The framework for a potential bill is the product of negotiations between Sen. Kyrsten Sinema (D-AZ.) and Sen. Thom Tillis (R-NC). According to a summary in the Washington Post, it would give Democrats a long-sought path to citizenship for more than 2 million “Dreamers” who immigrated to the US as children without authorization. That would add $1.2 trillion to GDP over a decade and $235 billion in net fiscal contributions, as estimated by the Niskanen Center, a libertarian think tank.

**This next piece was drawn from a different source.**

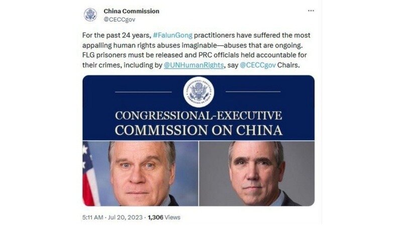 (Minghui.org) As the persecution of Falun Gong by the Chinese Communist Party (CCP) reached its 24-year anniversary mark on July 20, 2023, the Congressional-Executive Commission on China (CECC) tweeted on the same day, condemning the persecution and demanding the CCP to release all detained Falun Gong practitioners.
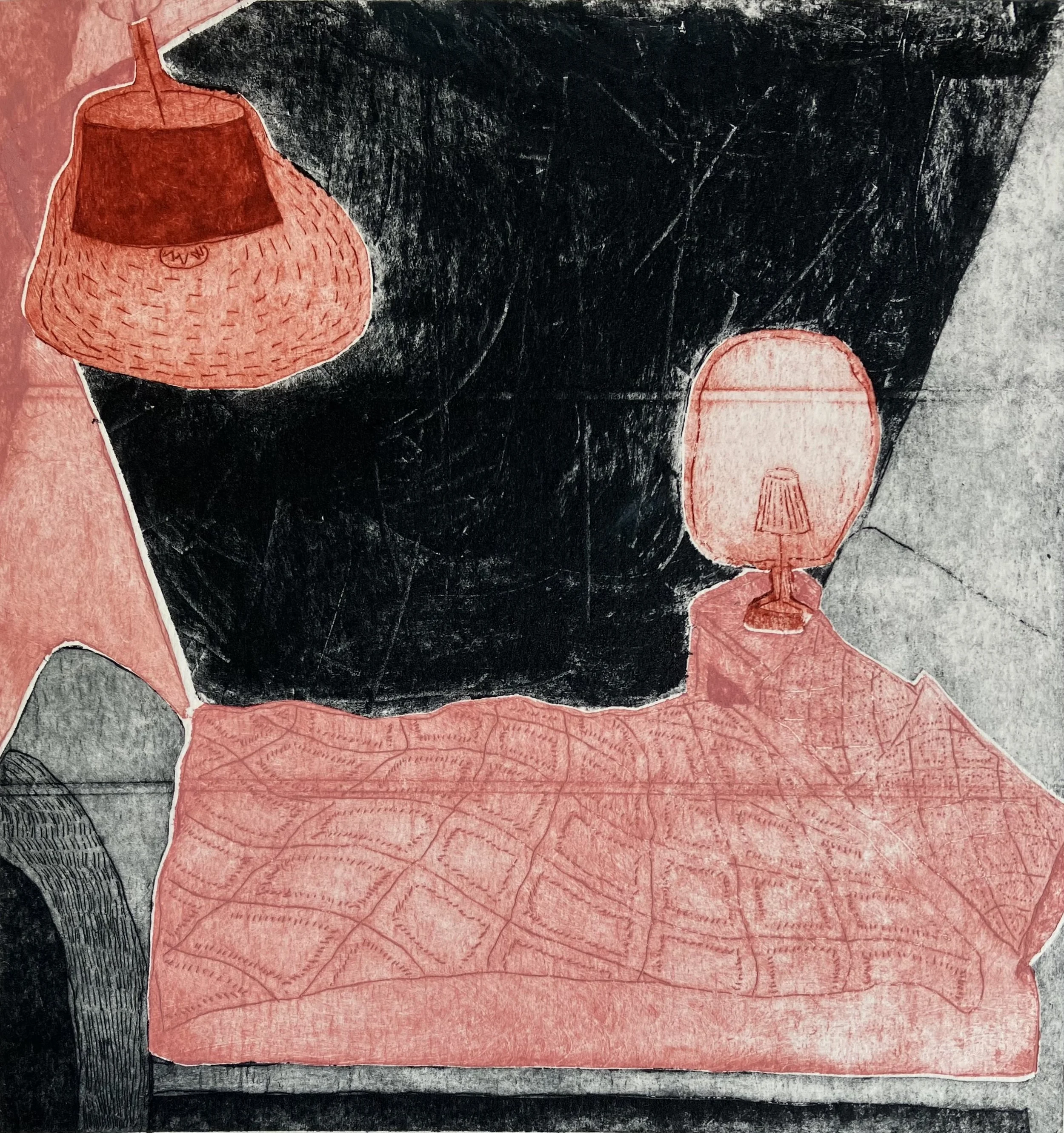 Night Bedroom - Pink Variation (2023)	Collagraph Print (19cm x 20cm)

Republicans would get additional border security resources and at least a one-year extension of the Title 42 policy, which has allowed the US to use pandemic-era health rules to quickly expel nearly 2.5 million migrants who have arrived on the southern border since 2020. The Government Accountability Office would have the authority to end the policy, ostensibly after the government can establish new migrant processing centers on the border.
The framework would also provide funding to accelerate the processing of asylum seekers, including for those processing centers, and to hire additional asylum officers and immigration judges. And it has provisions that would allow migrants who aren’t eligible for asylum to be quickly removed. Currently, the process of adjudicating an asylum claim typically spans months or even years: Existing asylum cases have been pending for an average of 785 days as of October, according to data from the Transactional Records Access Clearinghouse at Syracuse University.
Though the framework is a mix of Democratic- and Republican-supported policies, it also has a few potential dealbreakers, including the preservation of Title 42. Given that it would need at least 60 votes to pass the Senate under the filibuster, that doesn’t t bode well for its prospects, especially because it’s under a time crunch. There’s less than a month left before the new Congress begins on January 3.